RECORDS FOR THIS EXERCISE —
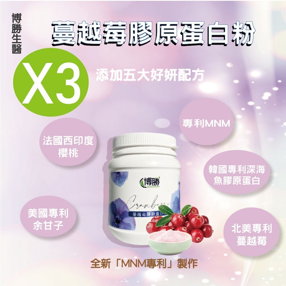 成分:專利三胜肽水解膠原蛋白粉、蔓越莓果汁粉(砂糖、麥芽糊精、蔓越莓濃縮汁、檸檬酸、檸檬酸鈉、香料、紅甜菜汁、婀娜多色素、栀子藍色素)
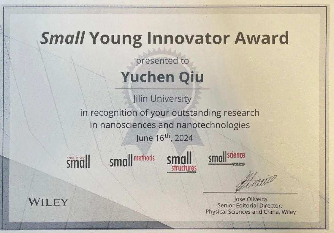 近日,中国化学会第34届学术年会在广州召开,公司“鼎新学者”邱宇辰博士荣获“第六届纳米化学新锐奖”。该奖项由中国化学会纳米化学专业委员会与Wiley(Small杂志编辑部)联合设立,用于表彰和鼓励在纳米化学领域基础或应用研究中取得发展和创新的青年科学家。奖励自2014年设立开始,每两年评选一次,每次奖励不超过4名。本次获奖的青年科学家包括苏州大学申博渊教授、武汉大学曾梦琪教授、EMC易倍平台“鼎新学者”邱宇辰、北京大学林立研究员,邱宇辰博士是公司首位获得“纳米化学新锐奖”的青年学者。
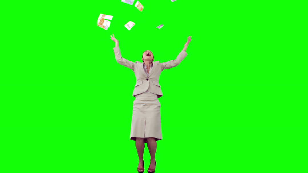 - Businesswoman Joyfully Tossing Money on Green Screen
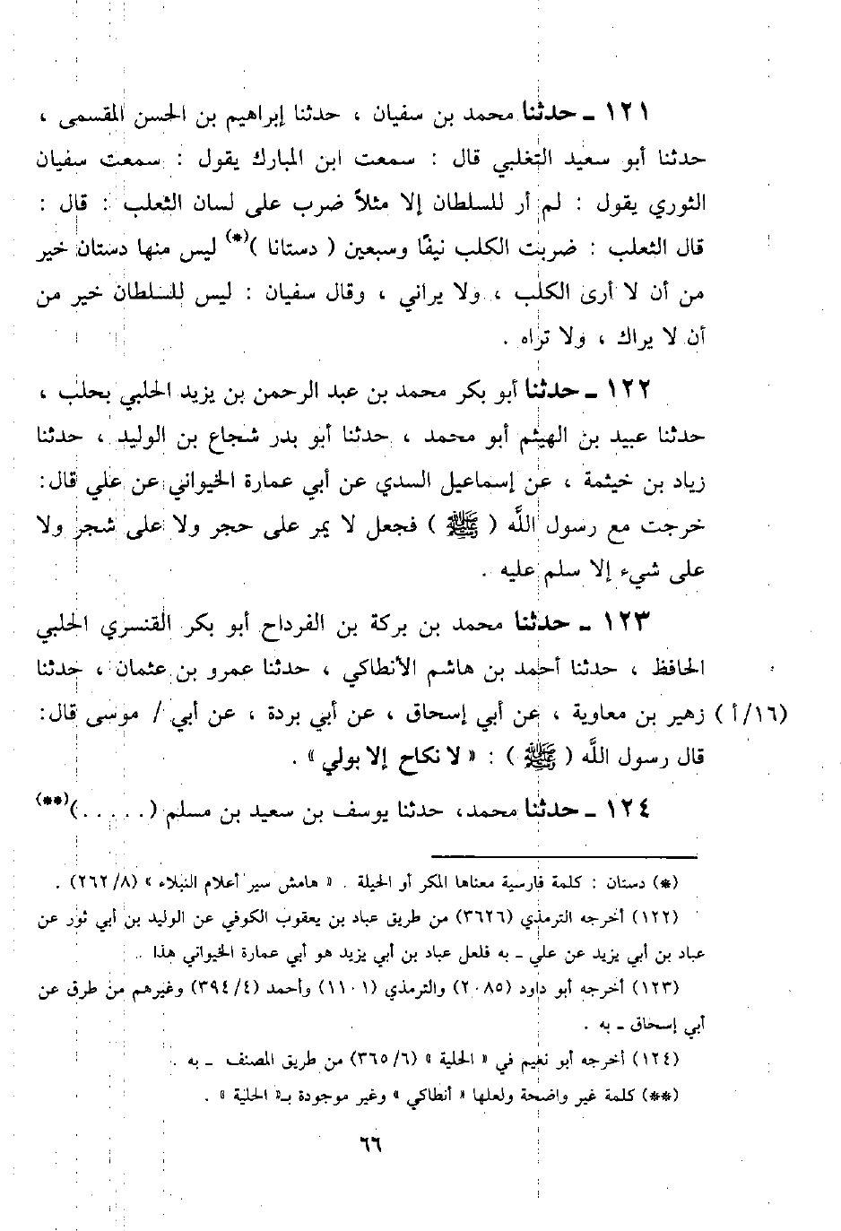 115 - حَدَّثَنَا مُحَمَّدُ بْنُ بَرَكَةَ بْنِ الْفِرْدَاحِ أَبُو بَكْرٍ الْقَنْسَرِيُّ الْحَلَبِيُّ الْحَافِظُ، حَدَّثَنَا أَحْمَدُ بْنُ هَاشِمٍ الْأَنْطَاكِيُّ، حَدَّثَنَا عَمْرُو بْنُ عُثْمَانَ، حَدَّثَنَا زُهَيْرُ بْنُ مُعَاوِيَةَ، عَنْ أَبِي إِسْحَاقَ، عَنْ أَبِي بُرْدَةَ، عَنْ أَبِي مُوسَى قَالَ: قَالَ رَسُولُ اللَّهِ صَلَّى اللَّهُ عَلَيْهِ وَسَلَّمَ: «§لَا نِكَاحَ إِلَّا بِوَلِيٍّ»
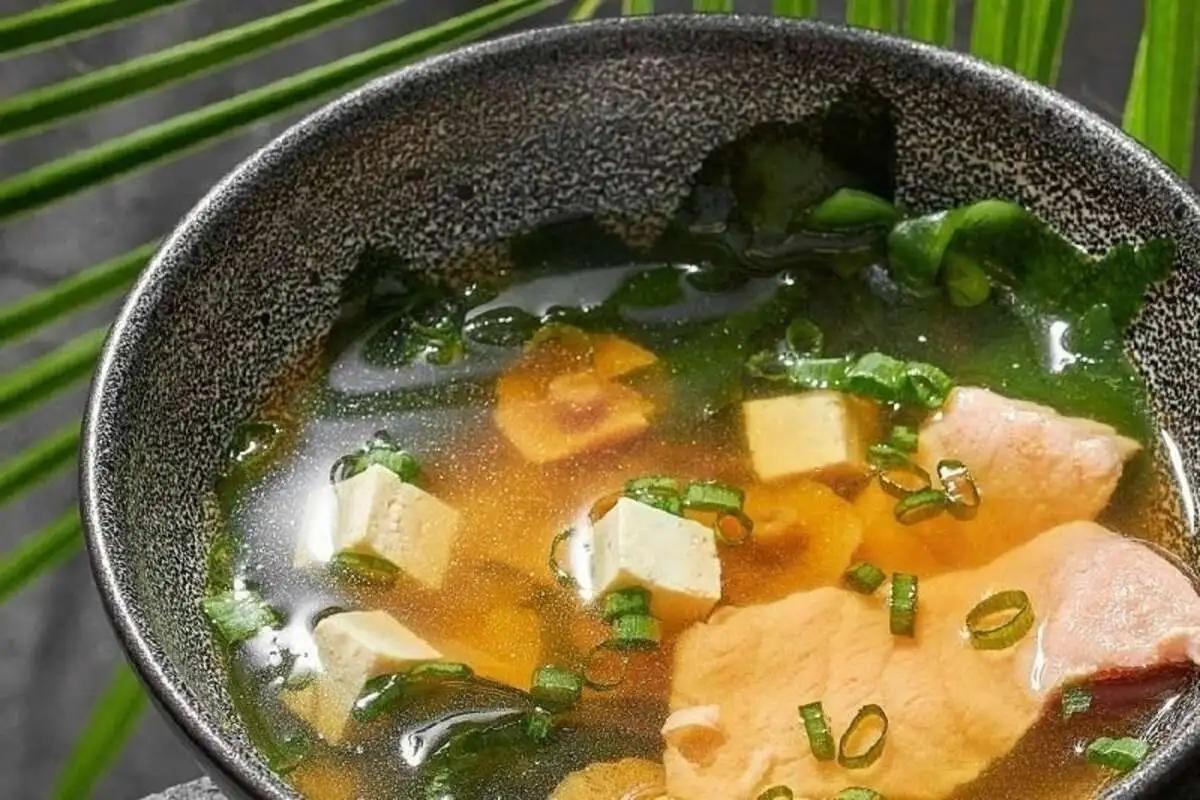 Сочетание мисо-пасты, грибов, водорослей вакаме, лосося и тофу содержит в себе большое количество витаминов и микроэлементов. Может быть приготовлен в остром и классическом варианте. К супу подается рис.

...

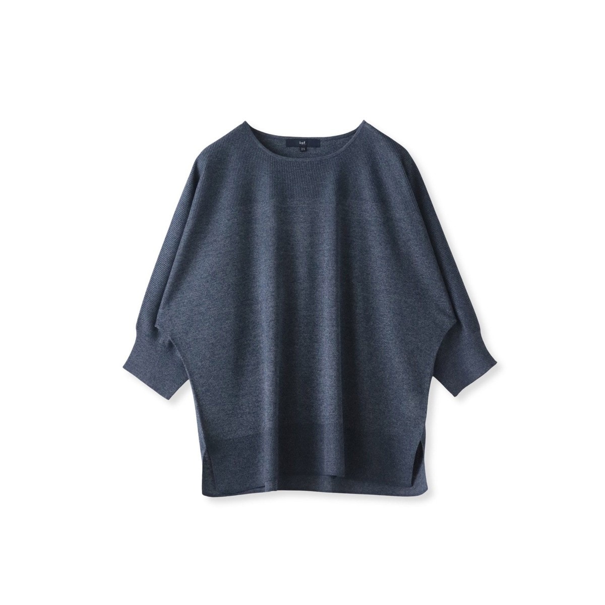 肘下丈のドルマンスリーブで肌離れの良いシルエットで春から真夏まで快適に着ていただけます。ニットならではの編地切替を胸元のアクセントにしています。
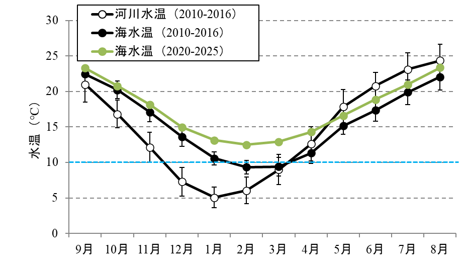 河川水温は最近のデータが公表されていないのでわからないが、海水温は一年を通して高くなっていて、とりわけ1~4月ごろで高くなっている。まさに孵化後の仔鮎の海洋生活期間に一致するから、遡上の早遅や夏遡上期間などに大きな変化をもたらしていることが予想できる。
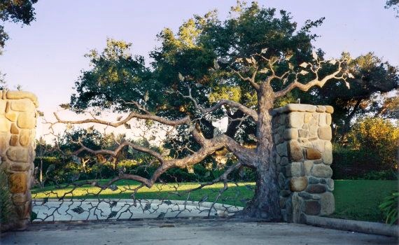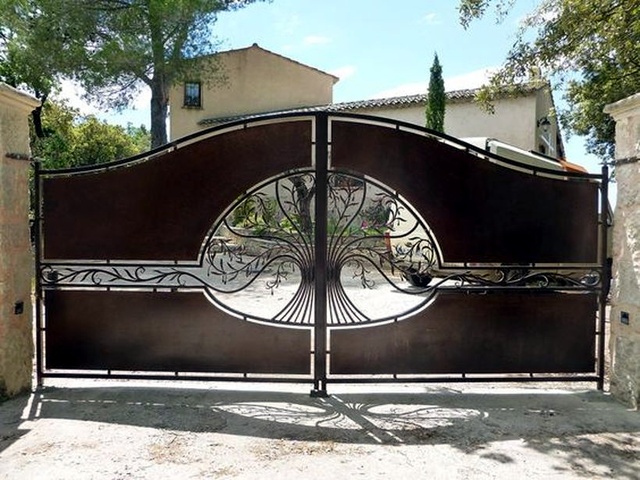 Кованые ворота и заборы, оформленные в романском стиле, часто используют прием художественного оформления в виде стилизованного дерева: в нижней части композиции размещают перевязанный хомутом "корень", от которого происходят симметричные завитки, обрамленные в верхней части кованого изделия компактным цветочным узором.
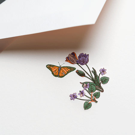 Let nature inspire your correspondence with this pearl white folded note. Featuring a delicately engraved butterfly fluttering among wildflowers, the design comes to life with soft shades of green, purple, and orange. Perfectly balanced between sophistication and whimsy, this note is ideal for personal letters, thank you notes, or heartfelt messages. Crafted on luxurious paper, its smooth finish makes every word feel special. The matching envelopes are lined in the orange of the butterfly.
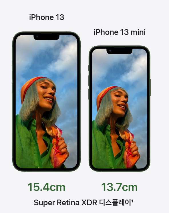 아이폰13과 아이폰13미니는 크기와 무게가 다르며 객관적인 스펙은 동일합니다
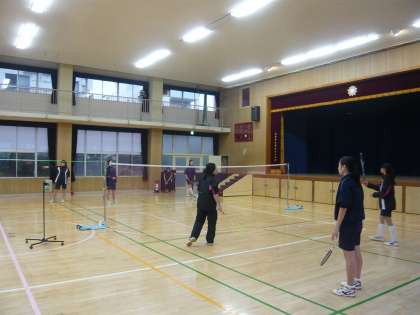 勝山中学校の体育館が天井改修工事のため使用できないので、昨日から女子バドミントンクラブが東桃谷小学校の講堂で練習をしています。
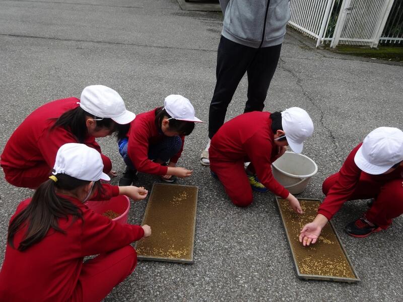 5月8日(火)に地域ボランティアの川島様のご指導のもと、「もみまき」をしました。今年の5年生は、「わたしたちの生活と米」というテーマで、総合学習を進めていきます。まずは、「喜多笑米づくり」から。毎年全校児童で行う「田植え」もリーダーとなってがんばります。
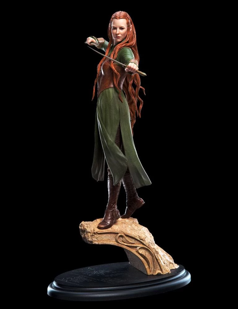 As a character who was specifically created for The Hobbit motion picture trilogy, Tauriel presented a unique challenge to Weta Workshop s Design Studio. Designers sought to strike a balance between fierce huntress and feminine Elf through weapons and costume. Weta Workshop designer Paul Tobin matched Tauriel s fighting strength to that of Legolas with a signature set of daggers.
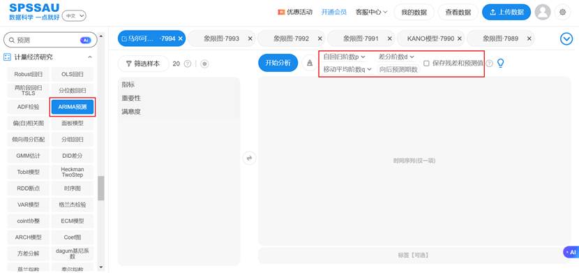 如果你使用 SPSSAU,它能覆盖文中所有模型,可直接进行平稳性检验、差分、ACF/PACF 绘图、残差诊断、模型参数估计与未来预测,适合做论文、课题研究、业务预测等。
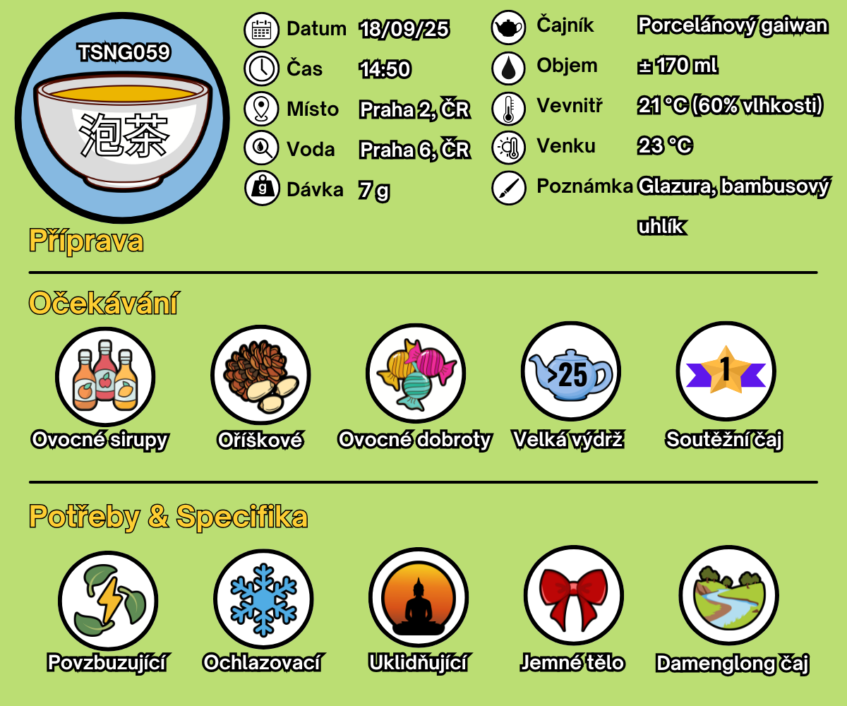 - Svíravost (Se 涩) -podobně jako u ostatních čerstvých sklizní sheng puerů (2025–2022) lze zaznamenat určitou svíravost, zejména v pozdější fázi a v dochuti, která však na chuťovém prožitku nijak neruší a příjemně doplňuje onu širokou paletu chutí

EXERCISE OBJECTIVE —
Beginning with the line above that has "成分:專利三胜肽水解膠原蛋白" and going on through the line that has "Сочетание мисо-пасты, грибов, водорослей", retype every line exactly and add nothing else; drop the pictures.

SOLUTION TO THE EXERCISE —
 成分:專利三胜肽水解膠原蛋白粉、蔓越莓果汁粉(砂糖、麥芽糊精、蔓越莓濃縮汁、檸檬酸、檸檬酸鈉、香料、紅甜菜汁、婀娜多色素、栀子藍色素)
 近日,中国化学会第34届学术年会在广州召开,公司“鼎新学者”邱宇辰博士荣获“第六届纳米化学新锐奖”。该奖项由中国化学会纳米化学专业委员会与Wiley(Small杂志编辑部)联合设立,用于表彰和鼓励在纳米化学领域基础或应用研究中取得发展和创新的青年科学家。奖励自2014年设立开始,每两年评选一次,每次奖励不超过4名。本次获奖的青年科学家包括苏州大学申博渊教授、武汉大学曾梦琪教授、EMC易倍平台“鼎新学者”邱宇辰、北京大学林立研究员,邱宇辰博士是公司首位获得“纳米化学新锐奖”的青年学者。
 - Businesswoman Joyfully Tossing Money on Green Screen
 115 - حَدَّثَنَا مُحَمَّدُ بْنُ بَرَكَةَ بْنِ الْفِرْدَاحِ أَبُو بَكْرٍ الْقَنْسَرِيُّ الْحَلَبِيُّ الْحَافِظُ، حَدَّثَنَا أَحْمَدُ بْنُ هَاشِمٍ الْأَنْطَاكِيُّ، حَدَّثَنَا عَمْرُو بْنُ عُثْمَانَ، حَدَّثَنَا زُهَيْرُ بْنُ مُعَاوِيَةَ، عَنْ أَبِي إِسْحَاقَ، عَنْ أَبِي بُرْدَةَ، عَنْ أَبِي مُوسَى قَالَ: قَالَ رَسُولُ اللَّهِ صَلَّى اللَّهُ عَلَيْهِ وَسَلَّمَ: «§لَا نِكَاحَ إِلَّا بِوَلِيٍّ»
 Сочетание мисо-пасты, грибов, водорослей вакаме, лосося и тофу содержит в себе большое количество витаминов и микроэлементов. Может быть приготовлен в остром и классическом варианте. К супу подается рис.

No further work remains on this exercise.